- WORK TO BE COMPLETED
Copy exactly the lines from the start of the material through the line with "As your church". Pictures stay out of the copy.

- DATA BELOW
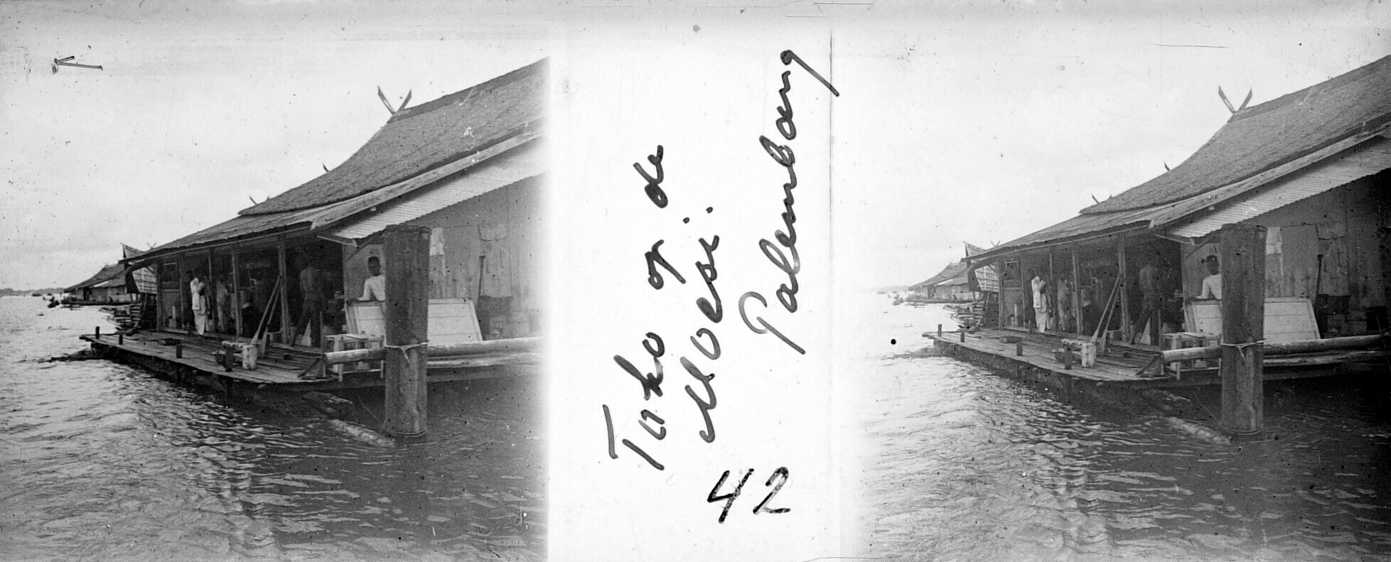 Winkel op een vlot in de rivier Musi, Palembang
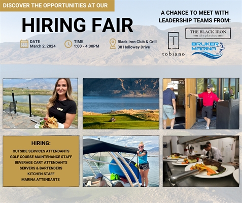 <p>Be a part of something BIG! <br /> Join us on Saturday, March 2nd at The Black Iron Club & Grill at Tobiano for a Hiring Fair from 1:00 – 4:00pm. <br /> Attendees will get a chance to explore job opportunities while meeting with leadership from Tobiano Golf Course, The Black Iron Club & Grill, and Bruker Marina. <br /> Available positions include: <br /> Outside services attendants <br /> Golf course maintenance staff <br /> Beverage cart attendants <br /> Servers & bartenders <br /> Kitchen staff <br /> Marina attendants <br /> Please have your resume available.</p>
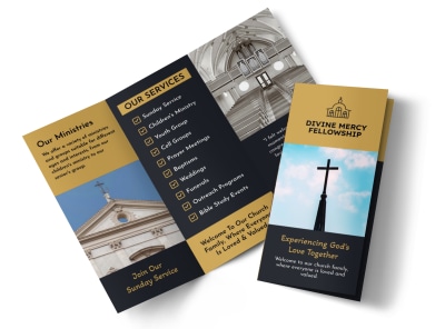 As your church seeks to connect with new attenders, promote youth activities or a capital campaign, or encourage active congregation members to get involved in a new ministry, a custom-designed bi- or tri-fold brochure will be your new best friend. The MyCreativeShop design team has multiplied their efforts to produce an entire canon of customizable church brochure templates for you to pick from. Your chosen design can be personalized easily with our online editor, and your finished brochure can be shared online or printed anywhere you like!
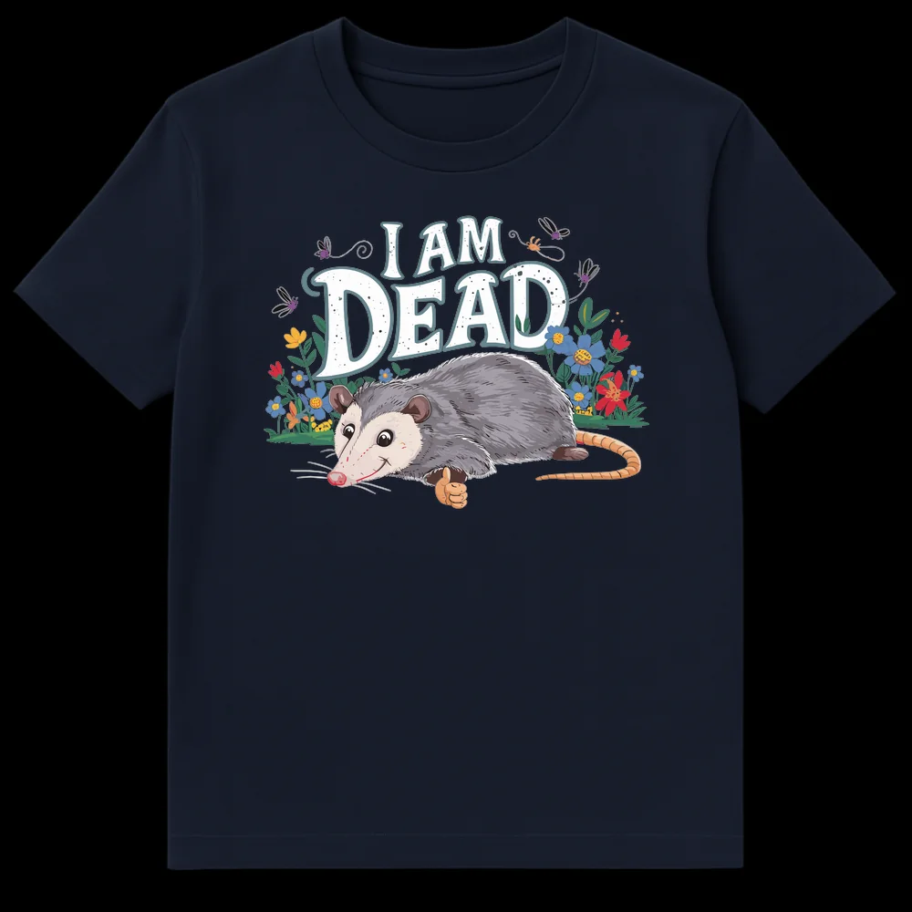Unleash your inner drama queen (or king!) with this incredibly charming and witty “I AM DEAD” t-shirt. Our unique design showcases a whimsical, anthropomorphic opossum, complete with an expressive smile and a cheeky thumbs-up gesture, embodying its iconic ‘playing dead’ act. Surrounded by vibrant, nature-inspired flora and playful dragonflies, this tee blends a rustic, organic aesthetic with modern, script-style typography for an utterly delightful look. It’s not just a shirt; it’s a statement for those who appreciate animal-related humor, clever puns, and a touch of sarcastic charm. Ideal for opossum enthusiasts, nature lovers, or anyone who identifies with the feeling of being dramatically exhausted, this shirt is designed to spark smiles and conversations. Give the gift of unique, lighthearted humor to friends, family, or treat yourself to this irresistibly cute and quirky apparel.

- EXERCISE SOLUTION
 Winkel op een vlot in de rivier Musi, Palembang
 <p>Be a part of something BIG! <br /> Join us on Saturday, March 2nd at The Black Iron Club & Grill at Tobiano for a Hiring Fair from 1:00 – 4:00pm. <br /> Attendees will get a chance to explore job opportunities while meeting with leadership from Tobiano Golf Course, The Black Iron Club & Grill, and Bruker Marina. <br /> Available positions include: <br /> Outside services attendants <br /> Golf course maintenance staff <br /> Beverage cart attendants <br /> Servers & bartenders <br /> Kitchen staff <br /> Marina attendants <br /> Please have your resume available.</p>
 As your church seeks to connect with new attenders, promote youth activities or a capital campaign, or encourage active congregation members to get involved in a new ministry, a custom-designed bi- or tri-fold brochure will be your new best friend. The MyCreativeShop design team has multiplied their efforts to produce an entire canon of customizable church brochure templates for you to pick from. Your chosen design can be personalized easily with our online editor, and your finished brochure can be shared online or printed anywhere you like!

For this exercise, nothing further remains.